Can U.S. Oil Independence Become Bullish for Shippers?

NEW YORK ( TheStreet) -- This year, for the first time since 1995, the U.S. is anticipated to domestically produce more oil than is imported. As a result of domestic oil production increases, net imports of crude oil are on track to decline to the lowest level in nearly 20 years.

Lower demand for imported oil is exciting news for consumers and for domestic security. I look forward to the day when net imports drop to zero. I believe the time is coming and may arrive sooner than many predict. For the last five years in a row, the U.S. has imported less natural gas than the previous year.

Natural gas producers have recently reversed course and halted operating rigs and/or stopped rigs from coming online as a result of the energy boom shale fracking created.

The slower trajectory by U.S. natural gas producers appear to have paid off. Natural gas prices, as measured by The US Natural Gas Fund ( UNG), have bounced off a bottom and are unlikely to test the lows soon. Oil may be in a different boat, though.

A price of oil is far from historic lows, and lower U.S. demand for oil is offset by Asian demand. The United States Oil Fund ETF ( USO) is trading near $34, but if it declined at the same rate of UNG in the past four years it would trade closer to $7.

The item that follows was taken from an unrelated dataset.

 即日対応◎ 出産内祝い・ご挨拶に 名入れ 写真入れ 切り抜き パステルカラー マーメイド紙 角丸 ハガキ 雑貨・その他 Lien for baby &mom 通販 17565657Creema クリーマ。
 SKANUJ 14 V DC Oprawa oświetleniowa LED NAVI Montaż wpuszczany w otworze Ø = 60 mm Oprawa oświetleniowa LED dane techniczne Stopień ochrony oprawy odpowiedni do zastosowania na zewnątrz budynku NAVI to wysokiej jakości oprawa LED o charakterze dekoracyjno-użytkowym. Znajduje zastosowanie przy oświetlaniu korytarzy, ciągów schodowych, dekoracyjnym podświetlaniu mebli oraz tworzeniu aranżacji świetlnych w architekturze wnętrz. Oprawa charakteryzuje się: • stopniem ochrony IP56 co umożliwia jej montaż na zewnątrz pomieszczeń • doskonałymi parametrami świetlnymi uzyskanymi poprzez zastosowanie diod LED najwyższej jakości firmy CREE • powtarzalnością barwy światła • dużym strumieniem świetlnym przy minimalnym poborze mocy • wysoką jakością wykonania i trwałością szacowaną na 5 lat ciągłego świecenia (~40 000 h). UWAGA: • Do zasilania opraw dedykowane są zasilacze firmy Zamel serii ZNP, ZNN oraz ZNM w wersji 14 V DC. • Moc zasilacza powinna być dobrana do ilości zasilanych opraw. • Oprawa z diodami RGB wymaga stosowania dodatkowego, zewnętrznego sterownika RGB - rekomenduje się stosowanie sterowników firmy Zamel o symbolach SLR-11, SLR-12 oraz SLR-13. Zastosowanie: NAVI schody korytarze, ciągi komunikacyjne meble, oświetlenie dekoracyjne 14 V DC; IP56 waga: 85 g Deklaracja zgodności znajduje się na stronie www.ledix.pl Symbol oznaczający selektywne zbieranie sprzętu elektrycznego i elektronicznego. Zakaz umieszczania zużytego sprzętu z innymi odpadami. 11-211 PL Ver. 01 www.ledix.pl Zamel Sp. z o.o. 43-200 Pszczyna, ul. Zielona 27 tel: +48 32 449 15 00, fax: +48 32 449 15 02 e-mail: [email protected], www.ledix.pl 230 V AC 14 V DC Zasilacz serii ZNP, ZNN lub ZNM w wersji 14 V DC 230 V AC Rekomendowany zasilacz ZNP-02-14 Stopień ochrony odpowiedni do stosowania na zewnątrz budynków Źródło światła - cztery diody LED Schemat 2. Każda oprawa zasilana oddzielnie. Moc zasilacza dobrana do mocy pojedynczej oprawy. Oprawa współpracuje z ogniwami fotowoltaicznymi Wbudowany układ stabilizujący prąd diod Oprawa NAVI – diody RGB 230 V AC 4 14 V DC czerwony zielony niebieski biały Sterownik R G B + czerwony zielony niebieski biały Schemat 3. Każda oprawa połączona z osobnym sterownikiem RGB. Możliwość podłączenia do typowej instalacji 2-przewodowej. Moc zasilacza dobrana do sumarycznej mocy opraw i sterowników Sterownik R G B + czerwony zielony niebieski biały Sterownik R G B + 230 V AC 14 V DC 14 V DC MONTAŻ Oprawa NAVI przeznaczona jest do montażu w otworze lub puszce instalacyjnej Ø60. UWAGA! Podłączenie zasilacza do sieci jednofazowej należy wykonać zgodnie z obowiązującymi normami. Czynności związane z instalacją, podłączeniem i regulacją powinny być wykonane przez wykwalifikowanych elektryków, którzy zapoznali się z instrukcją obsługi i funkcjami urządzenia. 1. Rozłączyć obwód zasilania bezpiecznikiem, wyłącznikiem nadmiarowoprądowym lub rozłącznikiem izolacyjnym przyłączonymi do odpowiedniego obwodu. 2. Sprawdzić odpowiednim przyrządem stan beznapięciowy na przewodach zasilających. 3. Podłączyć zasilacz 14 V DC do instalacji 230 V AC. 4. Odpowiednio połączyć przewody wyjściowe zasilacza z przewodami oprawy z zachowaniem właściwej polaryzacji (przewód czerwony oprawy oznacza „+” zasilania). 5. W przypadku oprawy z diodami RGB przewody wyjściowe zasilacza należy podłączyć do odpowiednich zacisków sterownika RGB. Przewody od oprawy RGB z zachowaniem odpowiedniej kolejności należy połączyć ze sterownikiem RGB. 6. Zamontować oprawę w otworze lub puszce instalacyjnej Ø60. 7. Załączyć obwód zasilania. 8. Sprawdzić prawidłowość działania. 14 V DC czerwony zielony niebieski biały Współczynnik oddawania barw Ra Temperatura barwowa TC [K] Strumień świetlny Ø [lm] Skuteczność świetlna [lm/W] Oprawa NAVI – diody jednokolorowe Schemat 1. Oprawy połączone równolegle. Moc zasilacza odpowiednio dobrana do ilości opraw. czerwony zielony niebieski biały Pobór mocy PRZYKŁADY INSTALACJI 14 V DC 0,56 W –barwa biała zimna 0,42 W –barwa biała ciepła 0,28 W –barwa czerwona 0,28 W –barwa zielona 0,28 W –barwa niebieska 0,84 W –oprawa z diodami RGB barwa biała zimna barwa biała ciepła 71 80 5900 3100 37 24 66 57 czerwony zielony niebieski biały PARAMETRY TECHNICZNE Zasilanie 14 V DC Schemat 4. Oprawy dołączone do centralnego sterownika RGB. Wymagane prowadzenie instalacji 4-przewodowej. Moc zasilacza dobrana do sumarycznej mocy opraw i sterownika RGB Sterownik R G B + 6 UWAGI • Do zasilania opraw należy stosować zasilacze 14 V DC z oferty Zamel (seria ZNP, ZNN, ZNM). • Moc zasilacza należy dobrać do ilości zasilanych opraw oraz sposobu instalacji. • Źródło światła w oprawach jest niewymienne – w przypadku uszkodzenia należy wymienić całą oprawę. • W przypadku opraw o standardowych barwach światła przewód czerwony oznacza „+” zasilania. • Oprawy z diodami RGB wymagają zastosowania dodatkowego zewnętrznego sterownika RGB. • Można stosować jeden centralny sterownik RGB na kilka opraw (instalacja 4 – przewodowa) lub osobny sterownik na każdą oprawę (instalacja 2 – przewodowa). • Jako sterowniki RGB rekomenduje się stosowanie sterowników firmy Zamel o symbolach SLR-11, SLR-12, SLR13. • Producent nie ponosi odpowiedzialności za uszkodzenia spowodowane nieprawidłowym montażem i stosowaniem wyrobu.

Unlike natural gas, the relatively higher price of oil provides the needed incentive for domestic producers to continue increasing production. If oil prices fall far enough that may change, but for now U.S. domestic production continues to grow.

Intuitively, investors may at first assume that lower U.S. imports would diminish demand for oil tankers and shipping companies. Shipping companies Frontline ( FRO), Overseas Shipholding Group ( OSGIQ), and Teekay Corporation ( TK) have bounced off 2012 lows recently.

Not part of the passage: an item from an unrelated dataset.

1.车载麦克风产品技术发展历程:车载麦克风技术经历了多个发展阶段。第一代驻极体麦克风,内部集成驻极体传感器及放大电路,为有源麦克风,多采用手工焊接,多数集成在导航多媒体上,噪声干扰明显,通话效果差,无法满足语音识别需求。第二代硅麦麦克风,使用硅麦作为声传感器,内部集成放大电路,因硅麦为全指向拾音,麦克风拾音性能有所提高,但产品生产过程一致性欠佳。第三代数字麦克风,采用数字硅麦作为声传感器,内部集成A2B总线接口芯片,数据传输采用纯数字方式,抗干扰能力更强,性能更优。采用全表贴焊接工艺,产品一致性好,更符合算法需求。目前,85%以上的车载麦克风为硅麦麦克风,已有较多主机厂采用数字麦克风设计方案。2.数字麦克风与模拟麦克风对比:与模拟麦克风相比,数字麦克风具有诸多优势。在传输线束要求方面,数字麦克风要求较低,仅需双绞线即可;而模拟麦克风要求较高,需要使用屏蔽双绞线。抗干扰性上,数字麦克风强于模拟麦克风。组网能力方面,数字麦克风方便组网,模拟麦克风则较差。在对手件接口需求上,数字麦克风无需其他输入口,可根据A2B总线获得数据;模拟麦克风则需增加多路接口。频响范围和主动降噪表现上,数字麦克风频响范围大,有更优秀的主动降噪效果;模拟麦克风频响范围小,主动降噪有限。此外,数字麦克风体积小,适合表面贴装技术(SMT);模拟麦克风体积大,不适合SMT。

Regardless of the fact the U.S. isn't importing as much oil, oil-producing nations continue their need to find markets for their oil. Oil-producing nations are shipping more oil further to reach markets that thirst for crude. As reported by the Financial Times, the number of oil ton miles (a measure of quantity of oil times the distance traveled) is growing at a relatively fast pace.

For investors, the changing shipping patterns set up new energy-related opportunities that may otherwise be overlooked. Frontline, Overseas Shipholding and Teekay all have negative trailing PEs. Teekay is estimated to almost break even for 2013, and to post a profit in 2014.

From a technical analysis perspective, Teekay is also breaking above resistance levels and made a new 52-week high last week. Frontline is oversold on the weekly chart and could reach $3 or more within a year just from halting the flow of losses. While Frontline offers the greatest percentage share appreciation potential, Teekay takes "Best In Show" today in my opinion.

At the time of publication the author had no position in any of the stocks mentioned.